» **What the exercise asks**
Only these lines, please: the first one of the records through the one containing "These whimsical animal", retyped exactly, both ends included and pictures omitted.

» **Data for analysis**
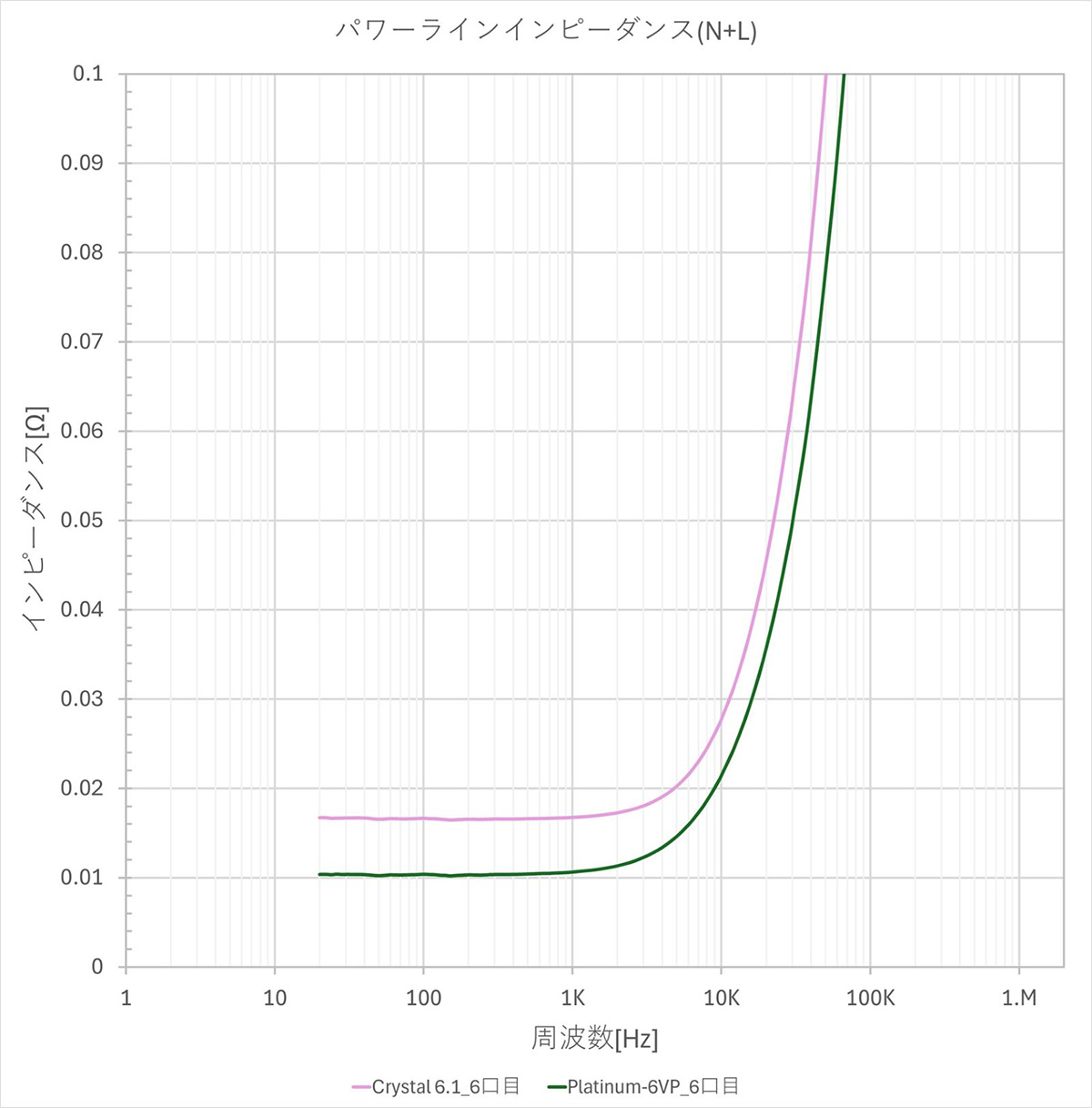 低周波領域(20~1kHz)付近において、Crystal 6.1の0.017Ωに対し、Platinum6-VPでは0.011Ωと低くなっています。低周波領域においては導体の断面積がインピーダンスを支配するため、その恩恵を受けているものと推察します。
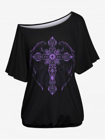Plus Size Vintage Sun Moon Star Floral Spider Web Print Racerback Tank Top and Cross Heart Graphic T-shirt Set - Purple - 1x
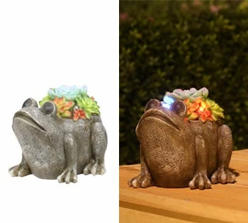 These whimsical animal statues feature succulent accents and solar powered LED lights. Works for up to 8 hours on a full charge
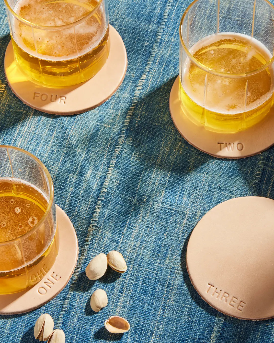 Crafted with lettering in sets of four—ONE-TWO-THREE-FOUR— Celina's Tampa studio offers you a captivating accent for your drinks and food. At 3.5" wide, these slick coasters will take on a character all their own with time as liquid spots age on the leather. You'll have plenty of witty retorts with these conversation-starting accessories adorning your table! The ideal present for the cocktail enthusiast in your life, these coasters will prove they have excellent taste -- and you'll adore watching them grow and acquire their own unique character over time! Sold in set of 4 Tan Leather Handpresses. Packed in a linen bag.
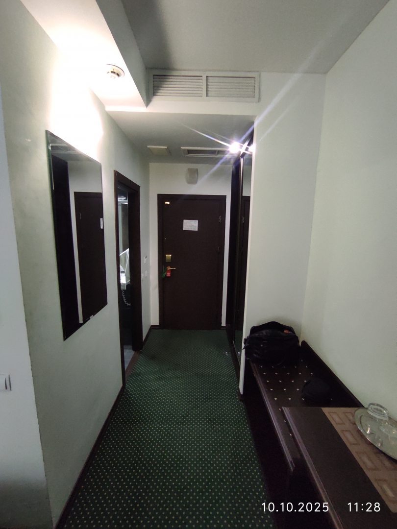 Из недостатков: я проживал в части отеля, которые относится к хостелу. Он находится в цокольном, считай, подвальном этаже. В номере чисто, но очень экономно. Нет ни одноразовых тапочек, ни окна, ни даже освежителя воздуха в туалете, хотя, наверное, сказался мой ранний заезд и мне не успели в номер это все положить. В номере также нет кондиционера и мало розеток. Например, над столом, за которым можно и поработать, могли бы сделать хотя бы пару розеток, чтобы можно было, не бегая по номеру, зарядить сразу ноут, телефон или еще какой-то гаджет. В целом, учитывая, что в номере только ночуешь, вполне сносно. Да и цена соответствует сервису. Для более комфортного проживания есть более дорогие номера.
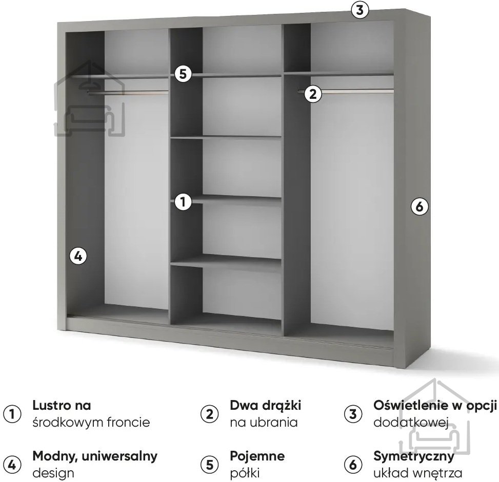 Das Modell Idea ID-01 kann optional mit einer LED-Beleuchtung ergänzt werden, die gegen Aufpreis erhältlich ist. Die energiesparenden doppelten LED-Leuchten (LED-2S) erhellen das Schrankinnere und erleichtern das Finden von Kleidung auch am Abend. Gleichzeitig sorgt das Licht für eine elegante, moderne Atmosphäre und hebt das Möbelstück optisch hervor.
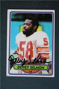Up for bids is a 2 1/2" wide by 3 1/2" long 1980 Topps football card # 498 that has been signed / autographed by Tampa Bay Buccaneers star Dewey Selmon-The card features a great image of Selmon with a large black ink signature signed on front-Card shows only light wear and the signature is strong -A nice item with a 100% authentic signature. Postage on this item is $ 4.95.

» **Output of the task**
 低周波領域(20~1kHz)付近において、Crystal 6.1の0.017Ωに対し、Platinum6-VPでは0.011Ωと低くなっています。低周波領域においては導体の断面積がインピーダンスを支配するため、その恩恵を受けているものと推察します。
Plus Size Vintage Sun Moon Star Floral Spider Web Print Racerback Tank Top and Cross Heart Graphic T-shirt Set - Purple - 1x
 These whimsical animal statues feature succulent accents and solar powered LED lights. Works for up to 8 hours on a full charge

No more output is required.